PROBLEM STATEMENT —
Under this line sits a listing. Repeat exactly and only its lines from the one holding "After that, we" through the one holding "- 【LIG】江戸時代 古萩"; skip pictures.
··· COLLECTED MATERIAL ···
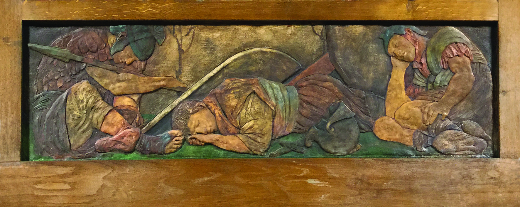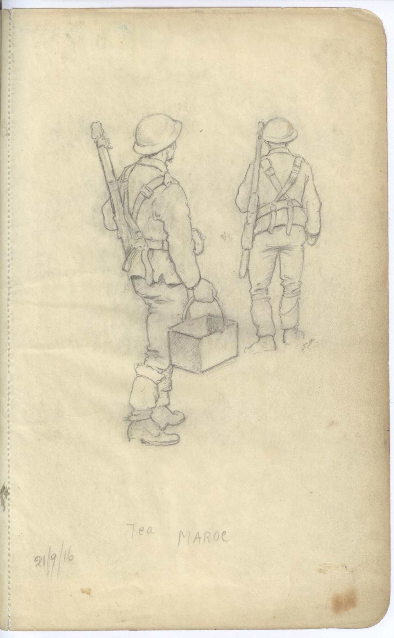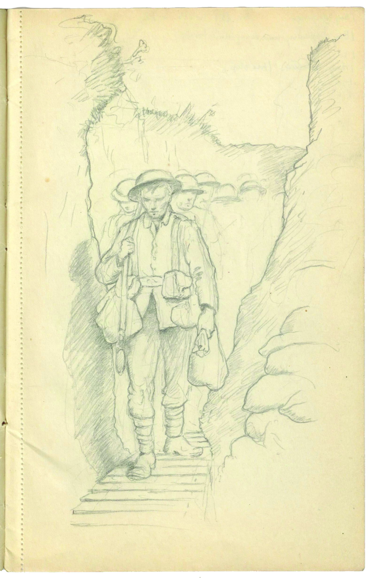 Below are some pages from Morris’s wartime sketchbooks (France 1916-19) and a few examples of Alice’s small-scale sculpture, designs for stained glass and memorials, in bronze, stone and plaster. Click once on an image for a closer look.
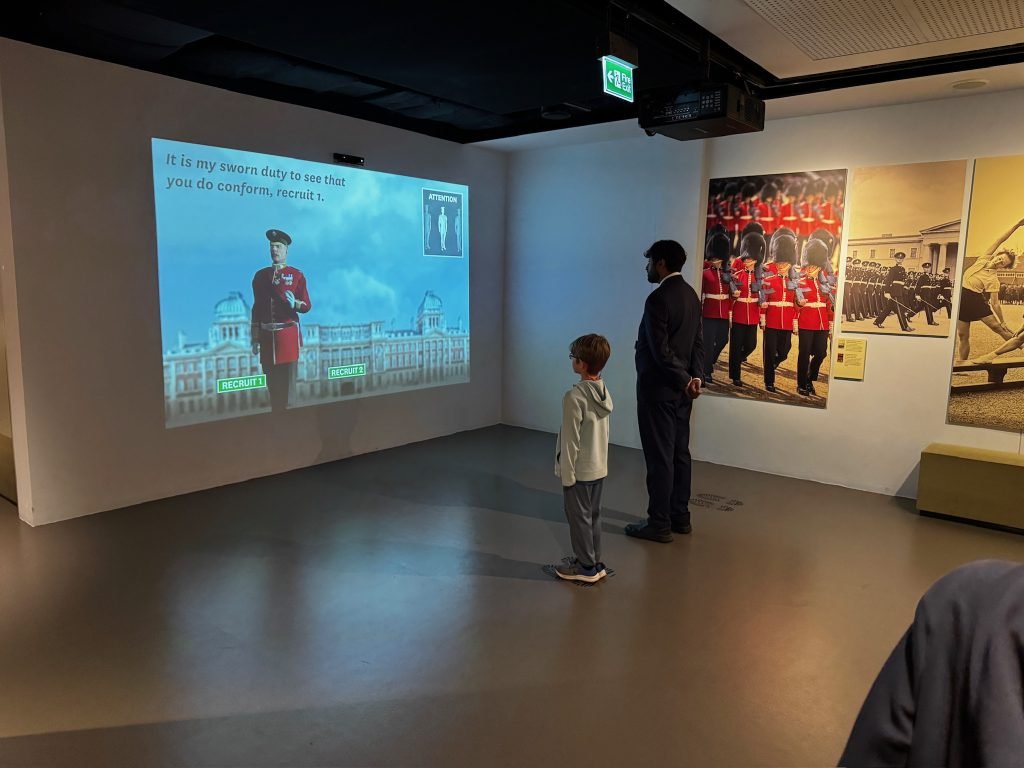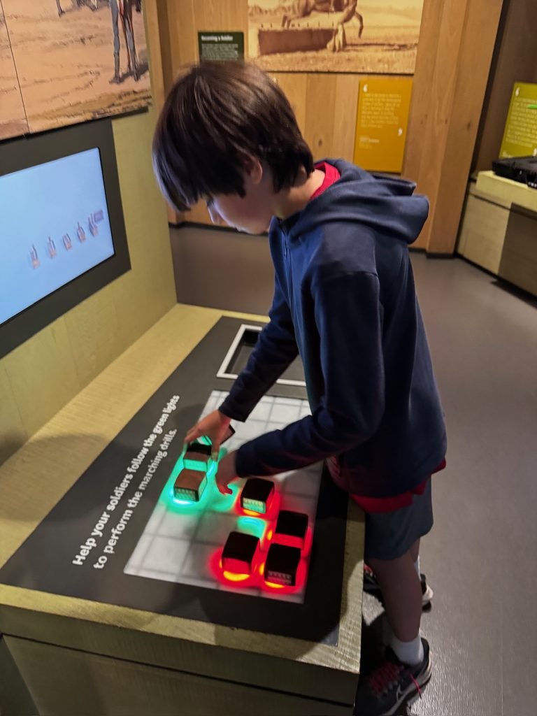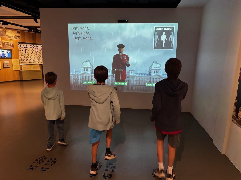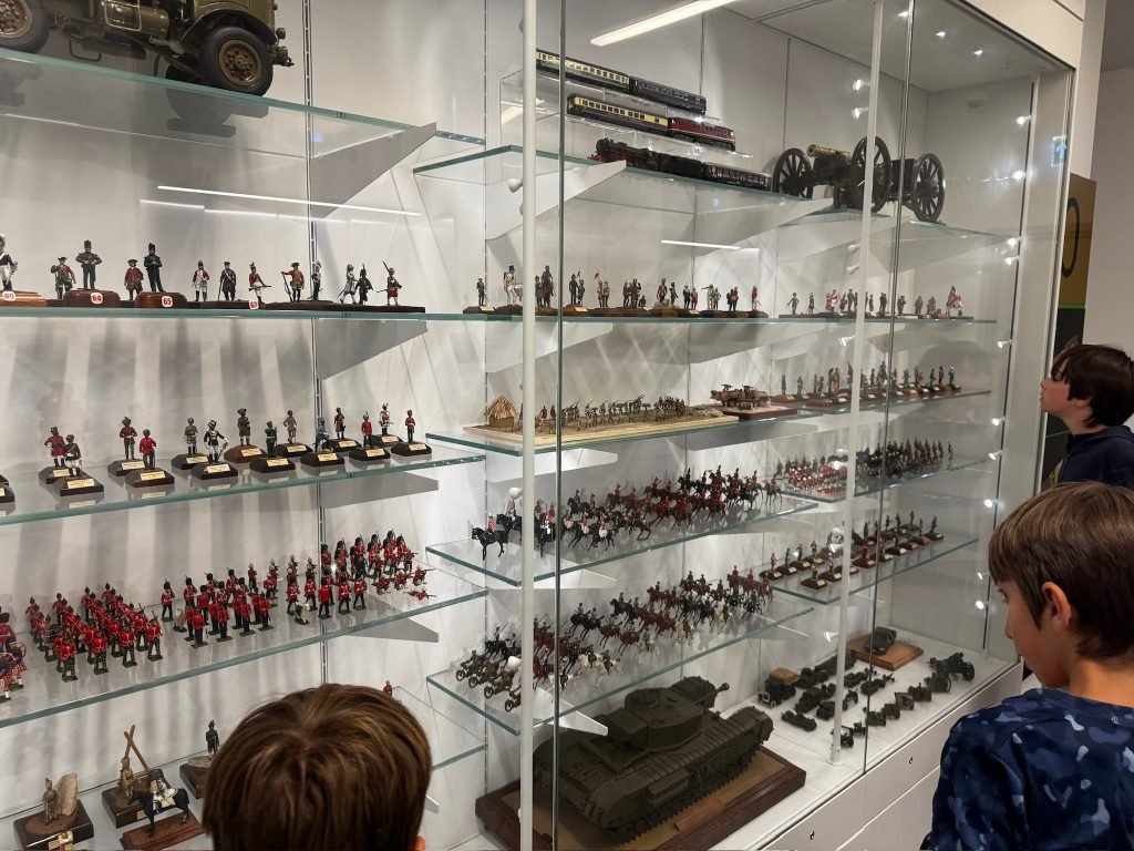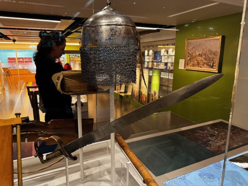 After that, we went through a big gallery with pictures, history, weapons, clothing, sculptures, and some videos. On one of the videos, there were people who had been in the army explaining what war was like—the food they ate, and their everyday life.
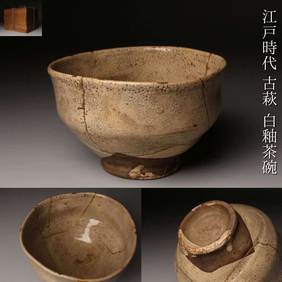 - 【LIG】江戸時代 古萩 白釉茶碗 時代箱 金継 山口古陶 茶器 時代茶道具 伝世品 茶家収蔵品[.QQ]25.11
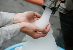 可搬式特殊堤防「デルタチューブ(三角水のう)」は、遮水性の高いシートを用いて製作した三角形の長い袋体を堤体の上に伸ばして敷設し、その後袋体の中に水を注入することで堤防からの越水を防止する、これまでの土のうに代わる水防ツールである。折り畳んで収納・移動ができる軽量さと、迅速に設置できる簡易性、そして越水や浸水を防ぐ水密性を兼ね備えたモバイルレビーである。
···
COMPLETED TASK —
 After that, we went through a big gallery with pictures, history, weapons, clothing, sculptures, and some videos. On one of the videos, there were people who had been in the army explaining what war was like—the food they ate, and their everyday life.
 - 【LIG】江戸時代 古萩 白釉茶碗 時代箱 金継 山口古陶 茶器 時代茶道具 伝世品 茶家収蔵品[.QQ]25.11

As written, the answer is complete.